I made my rebar chairs out of 3/16” steel rod which I have a LOT of. The metal is soft, so it’s easy to cut with bolt cutters and it’s easy to bend/hammer into shape in a vise. I wanted my rebar to sit 1/3 of the slab thickness up off bottom, so that meant roughly 1-1/2” chair height. None of the stores had rebar chairs of this height, so I just built them myself. Why 1/3 of the slab thickness? In my college civil engineering classes (30 years ago) I took a course on reinforced concrete. We learned that the bottom half of any normal concrete slab is in tension and the top half is in compression. Concrete works great in compression, but lousy in tension, so you need rebar to handle the tension loads and the rebar needs to be located in the bottom part of the slab (not in the middle, a commonly held belief). Common sense would say put it in the middle of the tension side (exactly ¼ of the slab thickness off bottom), but then any irregularities of the concrete pour might end up uncovering some of the rebar, which would lead to rust and rebar deterioration. So, I went 1/3 of slab thickness as a safety factor.
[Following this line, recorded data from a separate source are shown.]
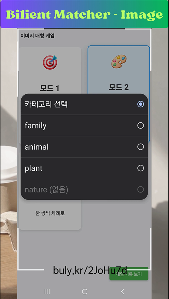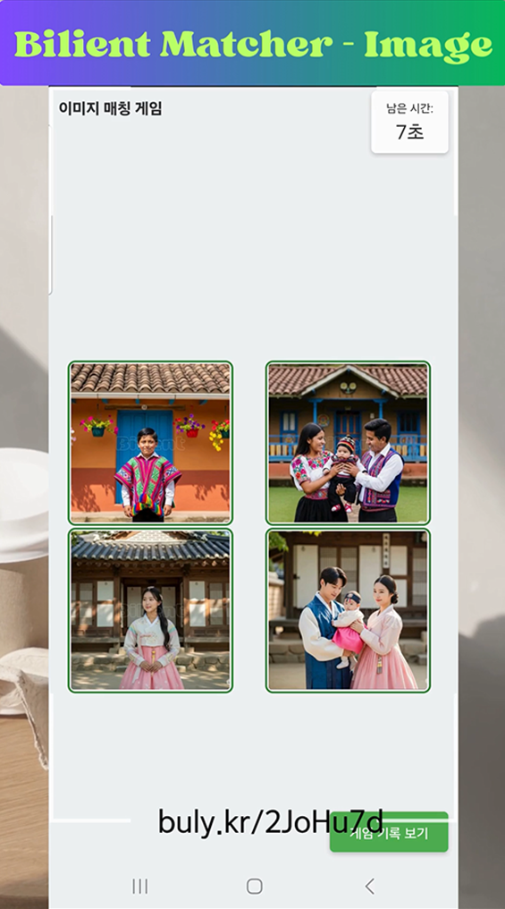 이미지 매칭 게임(Bilient Matcher - Image)은 시각 기억력 향상을 위한 고급 이미지 매칭 게임으로, 일반적인 메모리 게임을 발전시킨 3가지 독창적인 게임 모드를 제공합니다.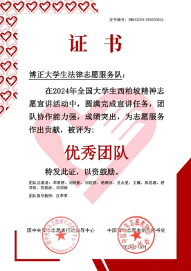 (政法学院  通讯员  邓雨婷)10月11日,团中央青年志愿者行动指导中心、中国青年志愿者协会秘书处发布通知,政法学院博正大学生法律志愿服务队在2024年全国大学生西柏坡精神志愿宣讲活动中,以扎实的理论知识,深入浅出的讲解方式,圆满完成了各项宣讲任务,获得了“优秀团队”荣誉称号。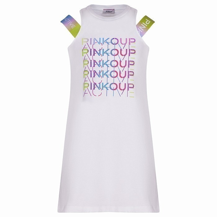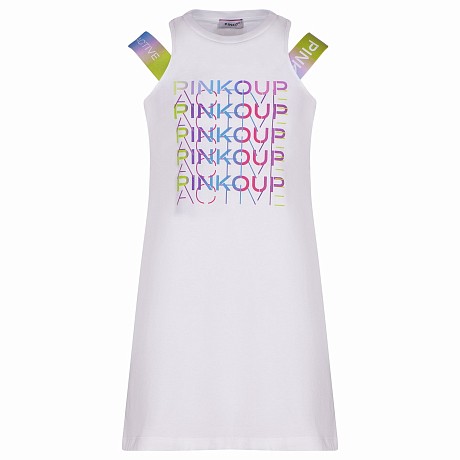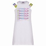 Платье для девочек Pinko Up – это идеальный выбор для стильных и активных малышек! Изготовленное из 100% хлопка, оно украшено ярким принтом Pinkoup, состоящим из разноцветных букв и линий на белом фоне. Платье с открытыми плечами и удобной посадкой идеально подойдет для детей в возрасте от 3 до 10 лет. На фотографии видна аккуратная отделка плечевого шва и мягкая текстура ткани. Качество от итальянского бренда и внимание к деталям делают эту модель отличным выбором для вашего ребенка!
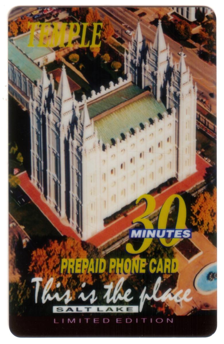 This collectible prepaid phone card features an aerial photograph of the Salt Lake City Temple, a significant religious building of The Church of Jesus Christ of Latter-day Saints (LDS Church). The temple, shown in bright daylight, stands prominently with its ornate spires and detailed architecture, surrounded by autumn-colored foliage and a water feature visible in the lower right corner. The card has the word "TEMPLE" printed in yellow at the top left, and the denomination "30 MINUTES" in bold yellow and blue lettering near the bottom right.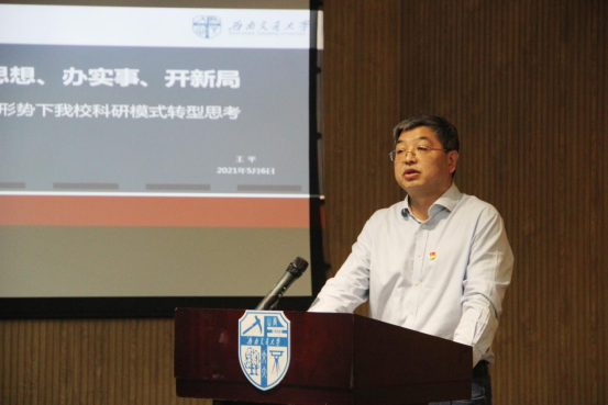王平教授谈到,当前科技工作面临科技创新新趋势、国际局势新动向、国家发展新要求等三大形势。结合我校科技创新工作实际,王平教授详细分析了我校科技工作存在的主要问题与严峻挑战,也提出了对于我校科研模式转型的思考,从而构建西南交通大学高质量科技创新支撑体系,开启学校科技工作高质量发展新征程。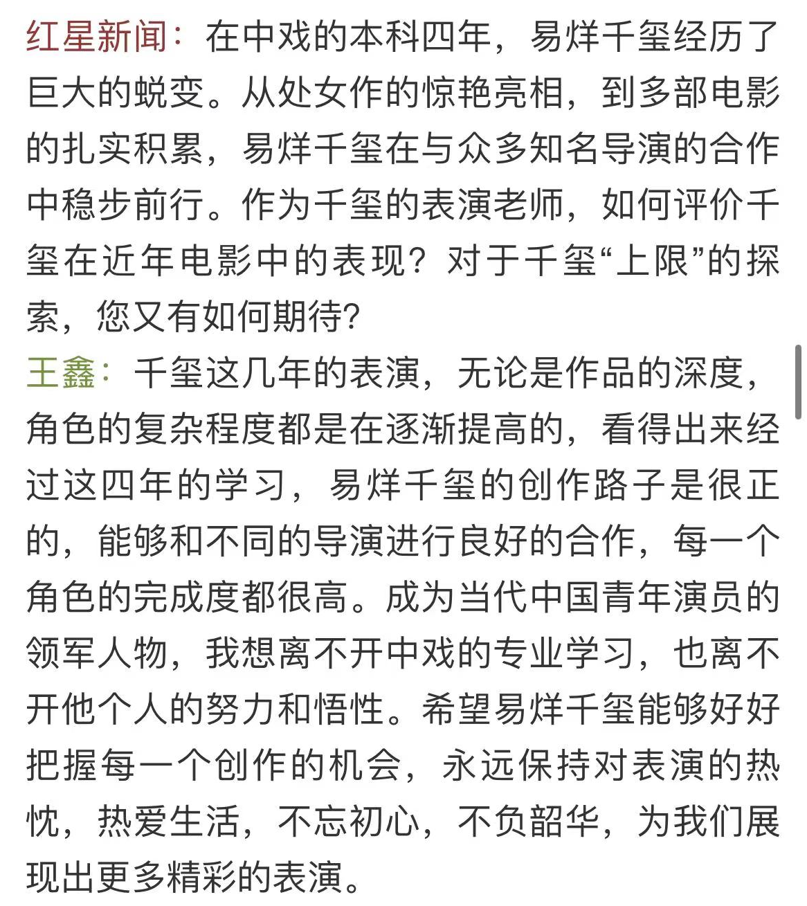 作为2018级表演系老师,演员王鑫给予了这届很高的评价,直言是“星光熠熠”的一届。他还用简短的词语去形容每一个人:易烊千玺沉静,胡先煦活泼,李兰迪灵动,罗一舟刻苦。

Disclaimer: I have a couple of degrees in civil engineering, but I am NOT a licensed professional engineer, so take this explanation for it’s entertainment value only, and NOT as advice for how you should build your house. If you have questions for building YOUR house, please seek the guidance of a licensed engineer. My basement slab will have no heavy loads put on it; ie no cars, no heavy equipment, and the slab is built such that it does not support the weight of the house above it. As such I could maybe have gotten by without rebar. I personally don’t like wire mesh and I am not yet convinced of the benefits of using fiberglass in concrete.